Plotting our data is one of the best ways to quickly explore it and the various relationships between variables.

There are three main plotting systems in R, the base plotting system, the lattice package, and the ggplot2 package.

Today we’ll be learning about the ggplot2 package, because it is the most effective for creating publication quality graphics.

ggplot2 is built on the grammar of graphics, the idea that any plot can be expressed from the same set of components: a data set, a coordinate system, and a set of geoms–the visual representation of data points.

The key to understanding ggplot2 is thinking about a figure in layers. This idea may be familiar to you if you have used image editing programs like Photoshop, Illustrator, or Inkscape.

Let’s start off with an example:

library("ggplot2")
ggplot(data = gapminder, aes(x = gdpPercap, y = lifeExp)) +
  geom_point()

So the first thing we do is call the ggplot function. This function lets R know that we’re creating a new plot, and any of the arguments we give the ggplot function are the global options for the plot: they apply to all layers on the plot.

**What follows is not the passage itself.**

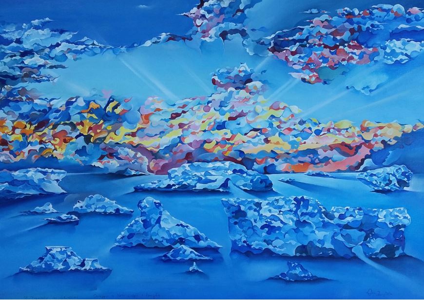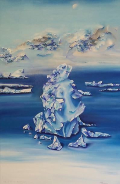 “Lasciato solo” rappresenta il primo incrocio tra condizione umana e naturale nei miei quadri. A primo impatto è il paesaggio a dominare la vista. Poi arriva il secondo piano di lettura, che è provare a decifrare i messaggi all’interno della rappresentazione. Se ben si scorge, c’è un volto di un anziano che guarda i ghiacciai che sono i suoi famigliari. Questa è una mia protesta contro chi lascia i grandi da soli. Ho immaginato la natura come le persone anziane, i ghiacciai come i nostri vecchi, sono fonte inesauribile di acqua potabile che può svanire in pochi anni. Ce ne dobbiamo prendere cura.

We’ve passed in two arguments to ggplot. First, we tell ggplot what data we want to show on our figure, in this example the gapminder data we read in earlier. For the second argument we passed in the aes function, which tells ggplot how variables in the data map to aesthetic properties of the figure, in this case the x and y locations. Here we told ggplot we want to plot the “gdpPercap” column of the gapminder data frame on the x-axis, and the “lifeExp” column on the y-axis. Notice that we didn’t need to explicitly pass aes these columns (e.g. x = gapminder[, "gdpPercap"]), this is because ggplot is smart enough to know to look in the data for that column!

By itself, the call to ggplot isn’t enough to draw a figure:

ggplot(data = gapminder, aes(x = gdpPercap, y = lifeExp))

We need to tell ggplot how we want to visually represent the data, which we do by adding a new geom layer. In our example, we used geom_point, which tells ggplot we want to visually represent the relationship between x and y as a scatter plot of points:

ggplot(data = gapminder, aes(x = gdpPercap, y = lifeExp)) +
  geom_point()+
  scale_x_log10()

There are also built-in axis transformation methods, for example Log10-transformations. Unfortunately not all transformations are built in like a simple log-transformation, in which case we can do this:

ggplot(data = gapminder, aes(x = log(gdpPercap), y = lifeExp)) +
  geom_point()

Challenge 1

Modify the example so that the figure visualise how life expectancy has changed over time:

ggplot(data = gapminder, aes(x = gdpPercap, y = lifeExp)) + geom_point()

Hint: the gapminder dataset has a column called “year”, which should appear on the x-axis.

Solution to challenge 1

Modify the example so that the figure visualise how life expectancy has changed over time:

ggplot(data = gapminder, aes(x = year, y = lifeExp)) + geom_point()

Aesthetics

We can also colour points based on different factors, such as by continent

ggplot(data = gapminder, aes(x = log(gdpPercap), y = lifeExp, colour = continent)) +
  geom_point()

Linear Regression

Let’s add a linear regression line to this plot.

ggplot(data = gapminder, aes(x = log(gdpPercap), y = lifeExp, colour = continent)) +
  geom_point()+
  geom_smooth(method = "lm")

Here we see a linear regression line for each continent, but what is the over all global trend? Let’s redraw that regression line to represent the global trend.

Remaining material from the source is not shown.